Yet far more important than the role of religion in the lives of our characters is something I’ve not seen any other show talking about in the context of this period (or the subsequent lived experience of racism in more contemporary periods).
What then for freedom when it is finally attained?
The fear of building – especially when your neighbours hate you. The challenge to move beyond your identity as a slave, as someone oppressed and abused to the idea of being free, of being defined not by your relationship to someone else but on your own terms. We have seen this exploration in microcosm through Cora as the series has progressed and once again her tiny frame carries the weight of this idea – how does one become free?
Inevitably newly found freedom brings with it conflict – for how do we protect and nurture this baby of hope when it is so fragile and liable to be stolen from our hands before it has a chance to grow into what it is supposed to be?
As one of the characters asks, is it arrogant to live and prosper? If it is, what does that say about those who judge it to be this way? Who gives them the right to make such judgements, let alone act upon them.
Whether it’s the woman who’s somehow shrill rather than the man who’s assertive or the Black person being uppity for demanding the same pay as their White counterpart – the gaze of power reflects the values of those to whom it belongs.
Calls for compromise and understanding can’t come at the cost of the victims of hatred. Where there is power asymmetry, the cost must be paid by those with more or, really, they are bad faith actors demanding others pay what they aren’t willing to commit themselves.
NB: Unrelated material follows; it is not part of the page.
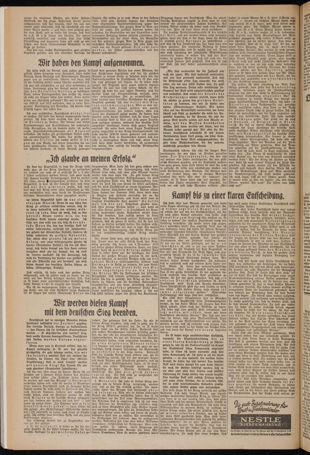 Und endlich, ich habe noch den großen Krieg mitgemacht, und ich gehöre auch zu denen, die damals um den Erfolg betrogen worden sind. Und es ist daher mein unerschütterlicher Entschluß, daß dieser Kampf nicht so ausgeht wie damals.

This is the misunderstood point about restorative justice – it isn’t for the perpetrator to decide upon their own fate, for how does that mend relationship? No, restorative justice has at its heart the idea that the broken relationship can be made whole again but the impetus for restoring that relationship and making reparations (the bit most often forgotten by those who wish only for restorative justice to be ‘I decide what I experience as a consequence of my wrong doing’) that are acceptable to the one who suffered from the broken relationship and the actions which caused it. It is in accepting the repentance of the one who did wrong that the sufferer takes control, and in the perpetrator allowing them to do so we see restoration begin.
Safety comes layered through with fear and trauma and, somewhere within, the hope for recovery. Yet to recover one must also learn to defend who one is, to set that boundary and say no more shall others cross this without my permission. For the abused, for the slave, this is a deeply challenging journey because, for those fleeing into freedom, it is a journey of exile not immediate salvation.
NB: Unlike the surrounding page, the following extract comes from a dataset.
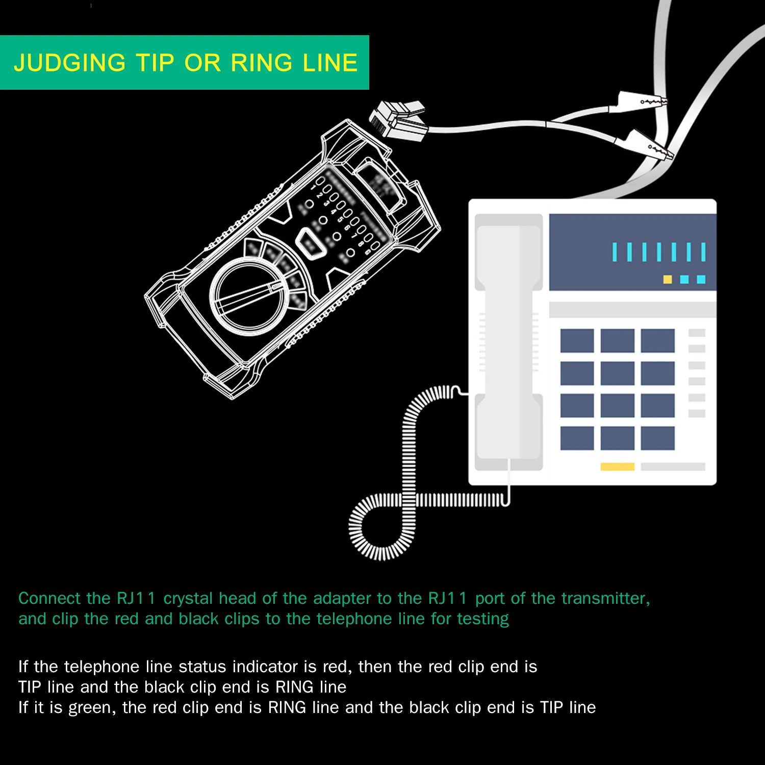 Обнаружение состояния телефонной линии: Используйте передатчик для проверки состояния рабочей телефонной линии (холостого хода, звонка, выключения) и дискриминирующего наконечника или кольцевой линии.

Cora says that there may be no safe places, only places to run from – to continue that exile, to never again find home even if the home left behind was one made from flame and ruin.
It’s what those who haven’t come from that country can’t see, that the exile of freedom is part of your identity. There is no moving past it, no setting it aside. Freedom can only ever be a victory partially won because it’s grown in the soil of trauma and harm and its fruits, while sweet, can never be those of people born free, with privilege.
It’s why the privileged moan and grow angry because they recognise the world cannot be reconciled, not properly, not here. This failure, this flaw in our common experience underscores the differences between us and shouts out that it’s because some have power at the expense of others and what could harm the myth of equality and meritocracy more than the truth of this? Better to burn the world, just as Ridgeway suggested.
Cora is also unwilling to become something she’s not – now she has the chance to make her own shape. No Black saviour, no Black role model of the slave become free. She rejects the idea of it as others try to make her into that. Instead, she slowly finds her own path to the person she wants to be and it is a journey fraught with the literal ghosts of her past, swirling around her and unwilling to let her go.
As she descends once again into the deep underground, perhaps the one place she can be Cora, she comes across a grand terminal full of the escaped looking for their next place to call home. Wild and disorienting, this huge underground world is like something out of the dreams of the survivors of H G Wells’ The War of the Worlds. A place where Black folk exist as themselves but only because it’s entirely hidden from the White gaze.
Here she is challenged about what story she is telling. In naming herself Cora Randall is she saying anything more than where she came from? What is this freedom she is seeking? What does it mean? The show asks Cora to think about who she is and where she belongs. It asks us to reflect on why that is so hard for her and what we do to continue to make those declarations so challenging for the people around us.
In this underground city, whose edges are fuzzy, hard to see, Cora wants to know the boundaries but is denied because the very act of seeing would collapse everything of this carefully constructed fantasy. Once again, Jenkins reminds us, while there are those who hate you outside the door, your existence is tenebrous, hard to understand and difficult to truly define.
The episode is careful to leave us unsure about the nature of what Cora experiences. Is it real? Is it nothing more than a fever dream? In any way that matters the answers to these questions are irrelevant because the world of the Underground Railroad is demanding Cora speak her history, her truth, her experience because to bear witness is the most important thing she can do. In this we see an echo of Grace’s journey from the last episode.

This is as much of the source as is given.